__What you will do__. Look below for the line that contains "An option is", then quote it and all the lines after it, exactly, with the pictures left out.

__The data__.
- - - -

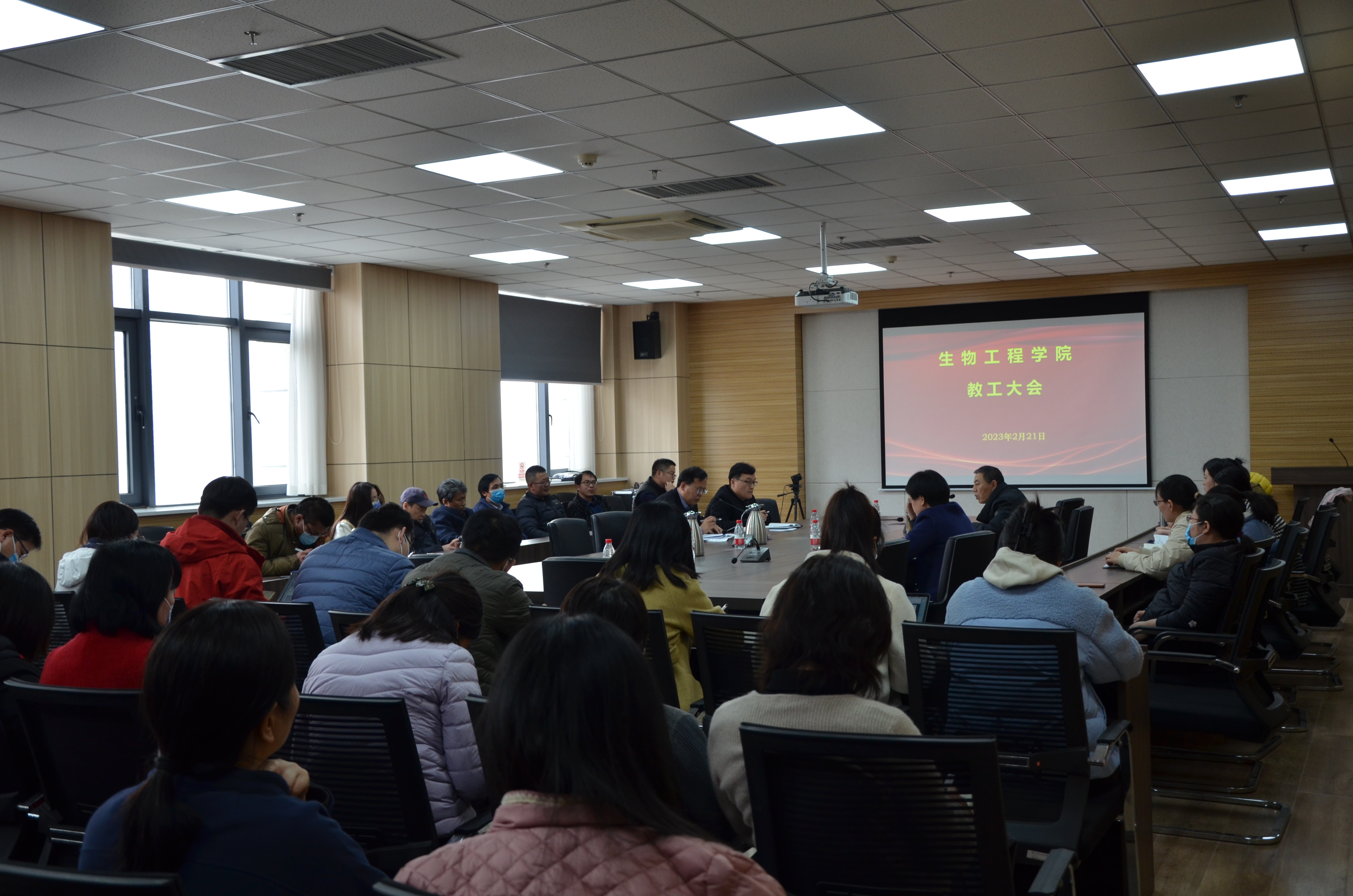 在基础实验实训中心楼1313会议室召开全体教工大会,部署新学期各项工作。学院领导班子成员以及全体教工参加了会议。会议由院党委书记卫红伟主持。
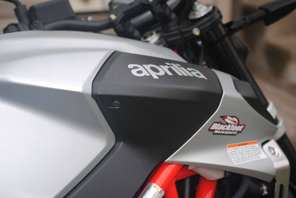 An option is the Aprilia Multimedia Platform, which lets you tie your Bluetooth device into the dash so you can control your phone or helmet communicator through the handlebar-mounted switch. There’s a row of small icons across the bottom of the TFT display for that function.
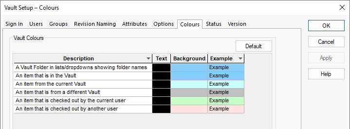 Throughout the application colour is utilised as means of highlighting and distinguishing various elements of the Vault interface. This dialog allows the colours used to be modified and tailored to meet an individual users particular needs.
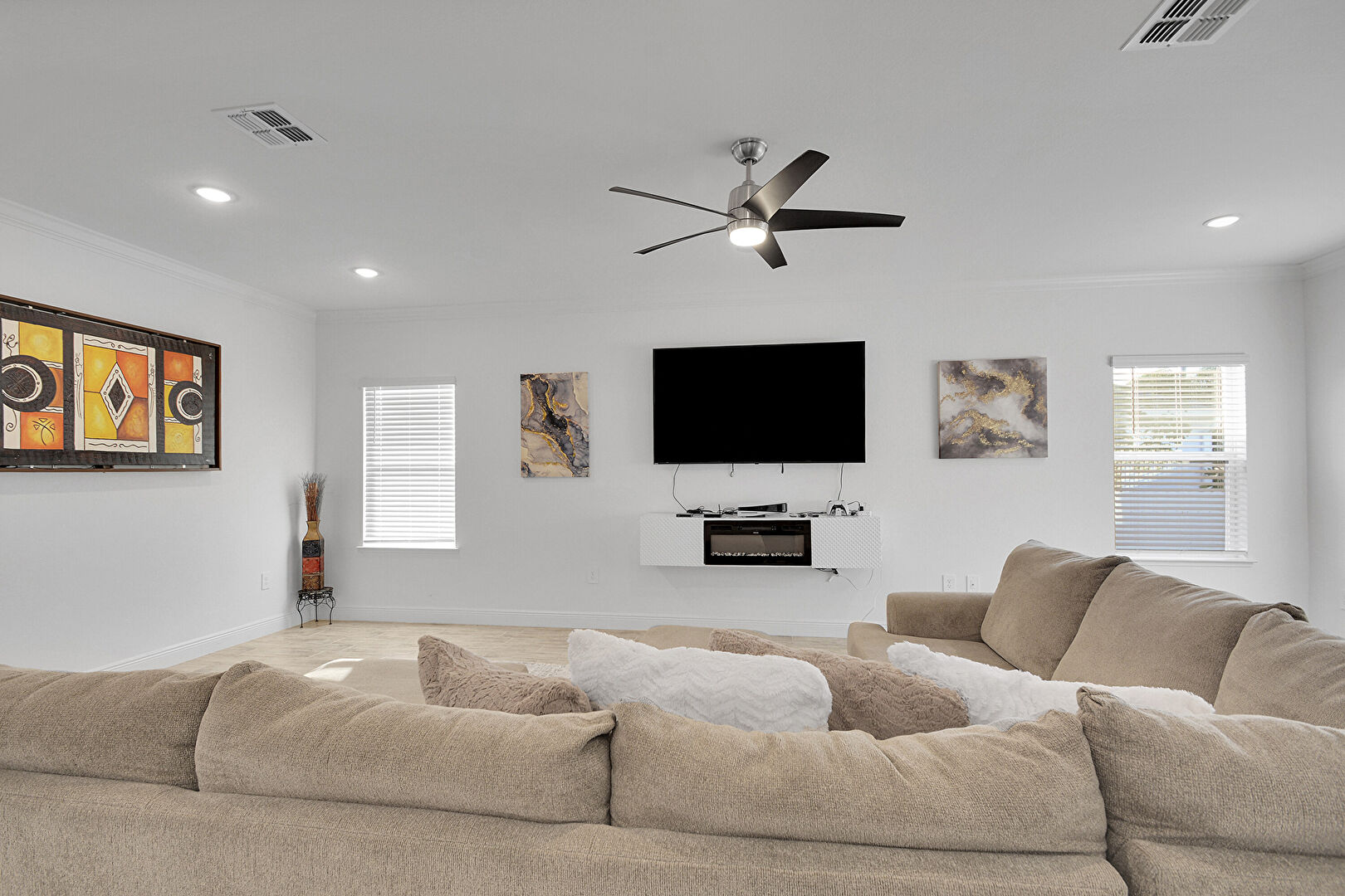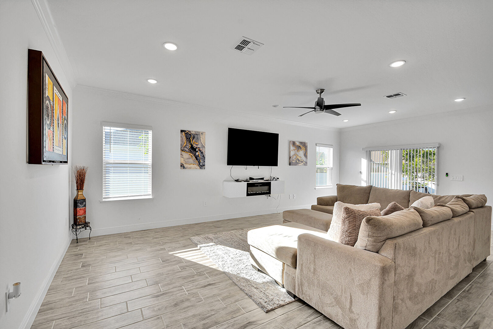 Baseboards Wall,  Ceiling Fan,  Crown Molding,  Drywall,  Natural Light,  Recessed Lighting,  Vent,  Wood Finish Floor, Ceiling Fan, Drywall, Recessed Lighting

- - - -

__Exercise result__.
 An option is the Aprilia Multimedia Platform, which lets you tie your Bluetooth device into the dash so you can control your phone or helmet communicator through the handlebar-mounted switch. There’s a row of small icons across the bottom of the TFT display for that function.
 Throughout the application colour is utilised as means of highlighting and distinguishing various elements of the Vault interface. This dialog allows the colours used to be modified and tailored to meet an individual users particular needs.
 Baseboards Wall,  Ceiling Fan,  Crown Molding,  Drywall,  Natural Light,  Recessed Lighting,  Vent,  Wood Finish Floor, Ceiling Fan, Drywall, Recessed Lighting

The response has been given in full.